Variable Rate Car Loan

Variable rate car loans are popular with car buyers who are seeking low interest rates in combination with some flexibility around how they choose to repay the car loan. Variable rate loans can be used to purchase both new and used vehicles, and generally offer the choice of a secured or unsecured loan option. A selection of variable rate car loans are compared in the table below where you can also calculate your monthly repayment on your car loan for each of the loans using our car loan repayment calculator.

What is a variable rate car loan?

This type of car loan features an interest rate that may fluctuate across the term of your car loan at the discretion of the lender, so your repayments may change as and when the lender chooses to increases or decreases the interest rate on your car loan.

In general variable rate car loans offer rates that are lower than fixed rate car loans and include more flexibility with facilities to make extra repayments and repay off your loan at any time during the loan term, without incurring any fees.


Why should I choose a Variable Rate Car Loan?

Before considering the detailed reasons of why a variable rate car loan maybe a good option for you it is wise to assess whether a variable rate is in synch with how you manage your finances and your appetite for including a level of risk in your car financing. A variable rate approach may well suit you if you are comfortable with the risks associated with not knowing how the interest rate on your car loan may change over the course of you’re your loan and you believe you will be able to take advantage of the flexible payment options designed to reduce your interest payments.

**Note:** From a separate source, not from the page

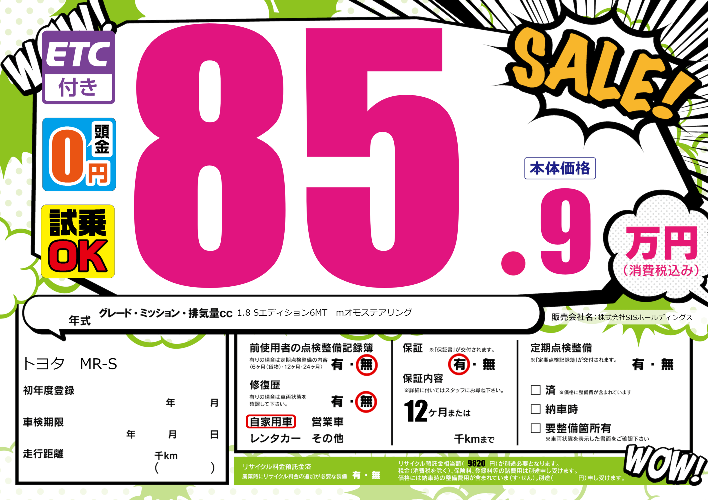 | 車名 | トヨタ MR-S | グレード ミッション 排気量 |
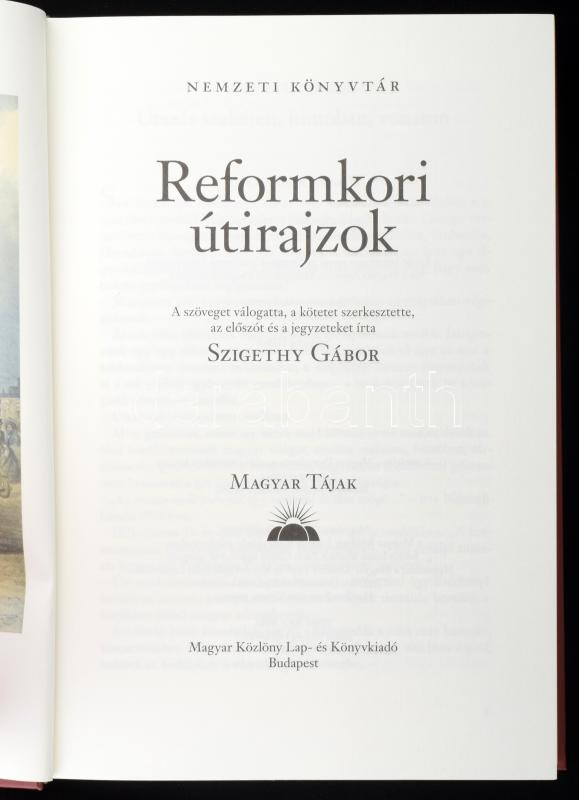 Szigethy Gábor: Reformkori útirajzok. Vál., szerk., az előszót és a je... https://www.darabanth.com/en/470-Online-auction/470.0/Books/Books-Travelling-Local-History~1000002/Szigethy-Gabor-Reformkori-utirajzok-Val-szerk-az-eloszot-es-a-jegyzeteket-irta--~II3183317

Variable Rate Car Loan Types


Unsecured Car Loan

These loans do not require any assets to secure your car loan, so if you do have trouble making your car loan repayments and default on the loan the lender will not have the right to claim any assets to settle the outstanding debts. The absence of any security does tend to see these unsecured loans charging higher rates when compared to secured loans.


Secured Car Loan

To apply for this loan you will need to be prepared to provide security against your loan, which will usually be the vehicle you are intending to purchase. If you end up defaulting on this type of loan the lender has the right to repossess and then sell the asset to settle the outstanding debts on the loan.


Variable Rate Car Loan Comparison

When comparing variable rate car loans consider including the following factors in your research:

  • Variable Rate - The minimum rate in the table above represents the rate the lender is offering today, and so offers an indication of how competitive they are likely to be versus the other lenders.
  • Loan fees - It is likely your loan will include a number of fees such as an application fee, monthly account fee and potentially missed payment and early exit fees.
  • Extra Repayments - The flexibility to make extra repayments may not seem that important today but over the course of the loan your circumstances may change which will enable you to make such payments. The making of these extra repayments can save you significant amounts in interest so the inclusion of this facility is worth seeking out.
  • Early Repayment - It is now common for variable rate loans to allow borrowers to repay their loan in full prior to the end of the loan term, so saving on interest charges, though this feature may attract a fee.